── Recorded data ──

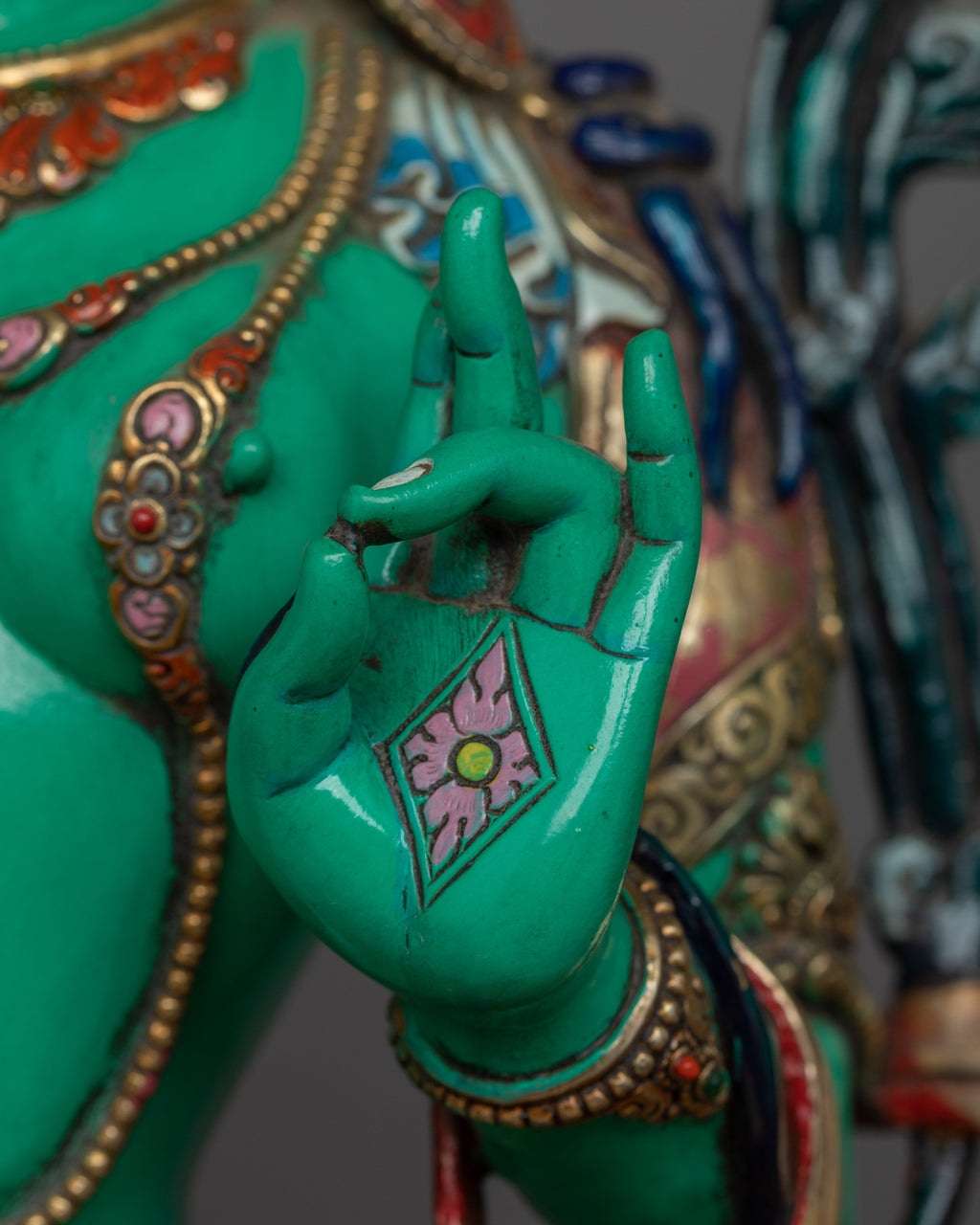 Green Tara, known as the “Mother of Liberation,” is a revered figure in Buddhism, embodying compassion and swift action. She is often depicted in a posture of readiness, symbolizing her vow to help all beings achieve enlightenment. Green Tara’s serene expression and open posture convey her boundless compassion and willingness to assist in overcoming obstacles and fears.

───
── Recorded data ──

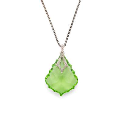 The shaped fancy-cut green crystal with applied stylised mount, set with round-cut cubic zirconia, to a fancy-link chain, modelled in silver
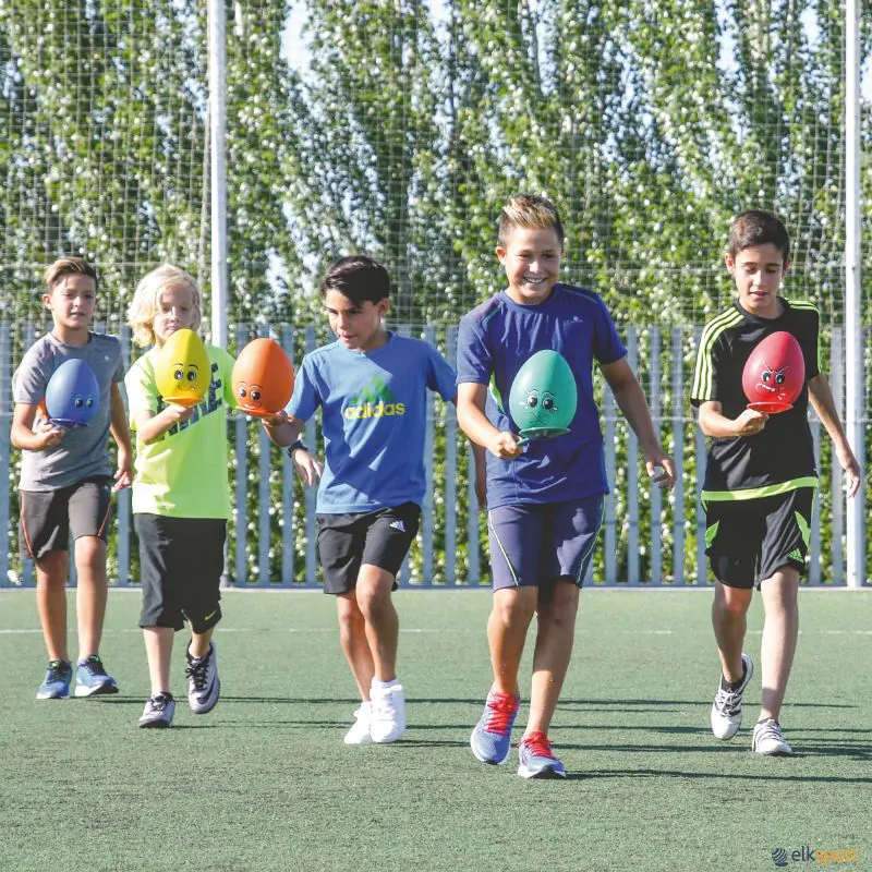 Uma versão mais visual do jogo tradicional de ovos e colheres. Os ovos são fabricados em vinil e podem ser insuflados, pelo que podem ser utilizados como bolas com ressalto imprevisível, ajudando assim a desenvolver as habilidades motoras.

───

Your goal: Print, exactly and with no pictures, the lines of the listing above starting at the one that has "The shaped fancy-cut" and ending at the one that has "Uma versão mais", both included.

Result for this task:
 The shaped fancy-cut green crystal with applied stylised mount, set with round-cut cubic zirconia, to a fancy-link chain, modelled in silver
 Uma versão mais visual do jogo tradicional de ovos e colheres. Os ovos são fabricados em vinil e podem ser insuflados, pelo que podem ser utilizados como bolas com ressalto imprevisível, ajudando assim a desenvolver as habilidades motoras.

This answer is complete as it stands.